The Court’s order reveals that the litigation extended far beyond isolated incidents of egg pelting. The petition presented before the Court described a disturbing pattern of public violence, mob intimidation, targeted humiliation of accused persons and alleged failures by the State machinery to protect individuals from organised attacks. The petition did not merely seek directions against throwing eggs at political leaders; it sought judicial intervention to prevent mob violence, ensure prompt registration of criminal cases, prohibit public humiliation of persons in custody, and restrain authorities from treating accused persons in a degrading or dehumanising manner.

Senior Advocate Kalyan Bandopadhyay, appearing for the petitioner, argued that despite repeated complaints regarding assaults, targeted violence and public humiliation, the State had failed to discharge its constitutional obligation to protect individuals associated with a particular political party. Referring to specific incidents detailed in the petition, he submitted that allegations of mob violence, assaults and even attacks on pregnant women had gone inadequately addressed despite police complaints having been lodged. He relied upon recent Supreme Court decisions, including Zulfiquar Halder v. State of Uttar Pradesh, In Re: Manoj Tibrewal Akash, and In Re: City Hounded by Strays, Kids Pay Price, to argue that the State bears a positive constitutional obligation to protect citizens against mob violence and unlawful vigilantism.

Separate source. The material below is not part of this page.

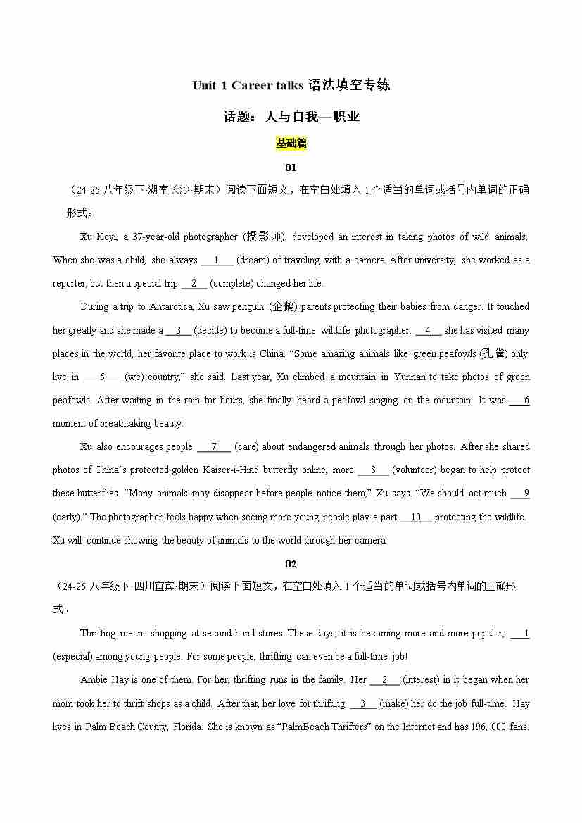 Unit 1 Career talks(语法填空专练)(原卷版)
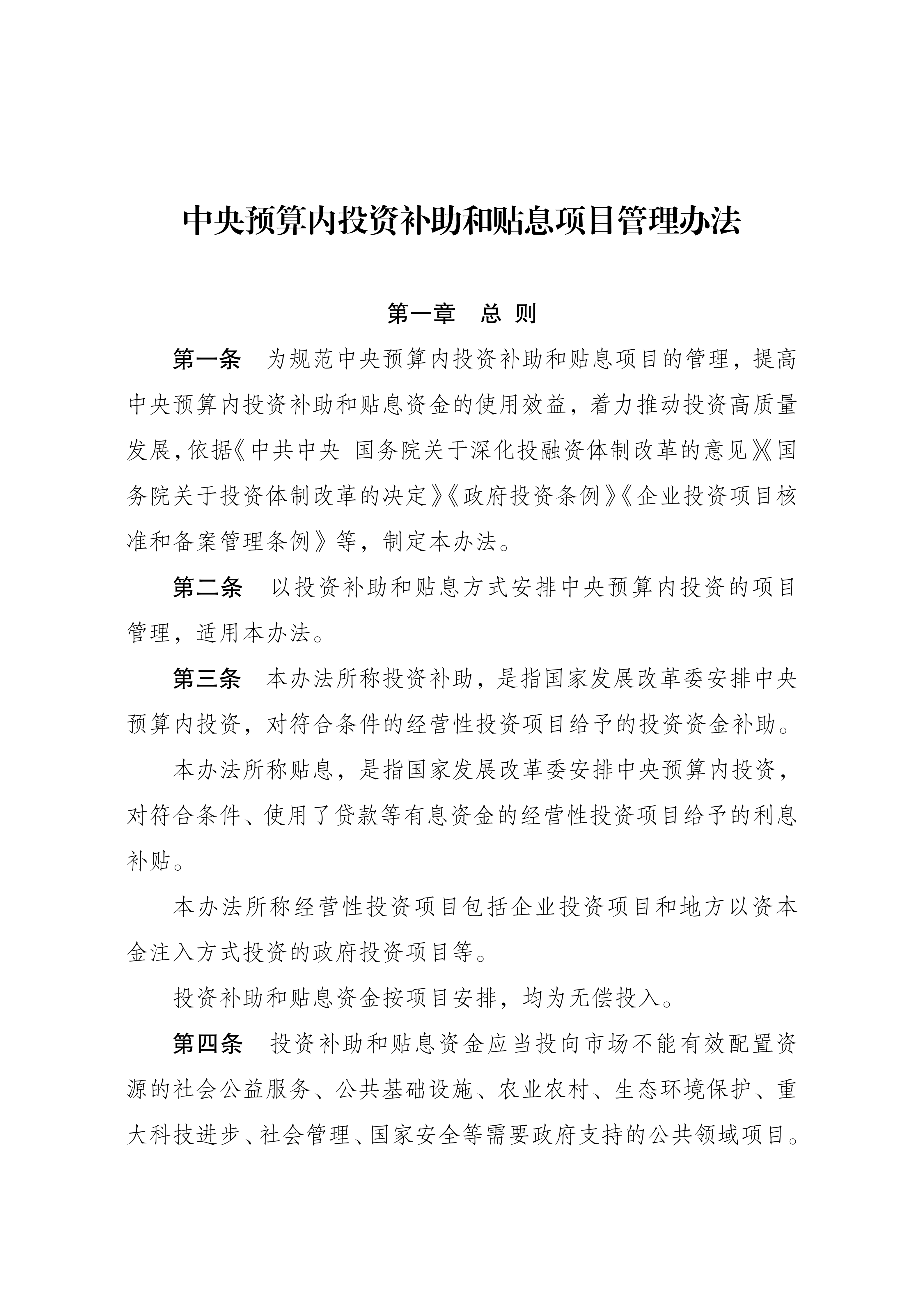 附件中央预算内投资补助和贴息项目管理办法

The State, represented by Additional Advocate General Rajdeep Mazumdar, responded that wherever specific complaints had been filed, First Information Reports had already been registered and arrests had been made. Seeking additional time, the State requested an opportunity to place supporting records before the Court demonstrating the action already taken by law-enforcement authorities.

However, what followed constituted perhaps the most important part of the Court’s order—and one that extends well beyond the immediate politics of West Bengal. Rather than treating the controversy as a routine dispute between rival political parties, the Bench framed the issue squarely as one involving constitutional rights, human dignity and the limits of public vigilantism. The Court emphasised that the complaints before it could not simply be dismissed as everyday political incidents but had to be examined “from a fundamental viewpoint.” It declared that the constitutional guarantee of human dignity flowing from Articles 14, 19 and 21 is engaged whenever individuals are publicly dehumanised or subjected to arbitrary humiliation. The Bench further observed that dignity and security are not privileges conferred by those in power but inherent constitutional rights belonging to every individual irrespective of status, political affiliation or circumstance.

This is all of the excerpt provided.